In a jailhouse interview with FoxNews.com in the Kurdish-held city of Kirkuk, Jamel, 27, detailed how he joined Islamic State in 2013, served as a foot soldier in the takeover of Mosul a year later and, he claims, eventually became disillusioned with the dark vision of his fellow fighters.

“At the beginning, ISIS told us we would all go to heaven,” Jamel said, speaking under the watchful eyes of Kirkuk police guards. “But now that I am in prison it means I am going to the fire. I am going to hell.”

Handcuffed and partially masked, Jamel, who has been in solitary confinement since his arrest two and a half months ago, said he joined the terror group like many other young Sunni Muslim men opposed to the Shia-led government in Baghdad.

“A man named Salam talked to me and got me connected to ISIS. He told me I needed to be a jihadist and fight the Shia government. He convinced me to fight the government,” Jamel said. “I started getting involved as they were planning operations to begin in Iraq and Syria.”

Jamel lived with his mother and three brothers in Hawija, a smaller town just south of the oil-rich Iraqi city of Kirkuk. He had a decent, agriculture-related job, and his family did not understand why he wanted to throw in with the insurgents who would soon become the world’s most-feared terrorist army.

In the early days, Jamel said, most of the recruits were young men in their early 20s.

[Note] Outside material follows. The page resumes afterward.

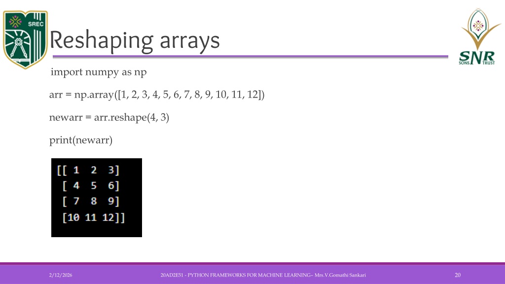 Reshaping arrays • import numpy as nparr = np.array([1, 2, 3, 4, 5, 6, 7, 8, 9, 10, 11, 12])newarr = arr.reshape(4, 3)print(newarr) 20AD2E51 - PYTHON FRAMEWORKS FOR MACHINE LEARNING– Mrs.V.GomathiSankari

But soon their ranks were swollen by experienced soldiers as old as 50 from Saddam Hussein’s old army. The battle-hardened men, also Sunni Muslims alienated by the Shia government, were experienced with small arms and heavy equipment.

The mission was to take over the nation, and kill infidels and fellow Muslims who stood in their way, he said.

“Everything was about setting the role of Shariah [Islamic law],” he said. “We have to have a world based on Shariah.

“We were told that yes, people here are Muslims, but they are not the right Muslims,” he said. “And to build the Caliphate we must control the economy, take over every oil field.”

Jamel was initially permitted to carry a gun, but as ISIS grew, orders came down that only senior leadership and mid-level commanders, known as “Amirs,” could carry arms when not in battle. But Jamel would not be without his weapon long: He was made an Amir in early 2015 and put in charge of a group of 70 fighters in the heavily-contested area of Baiji.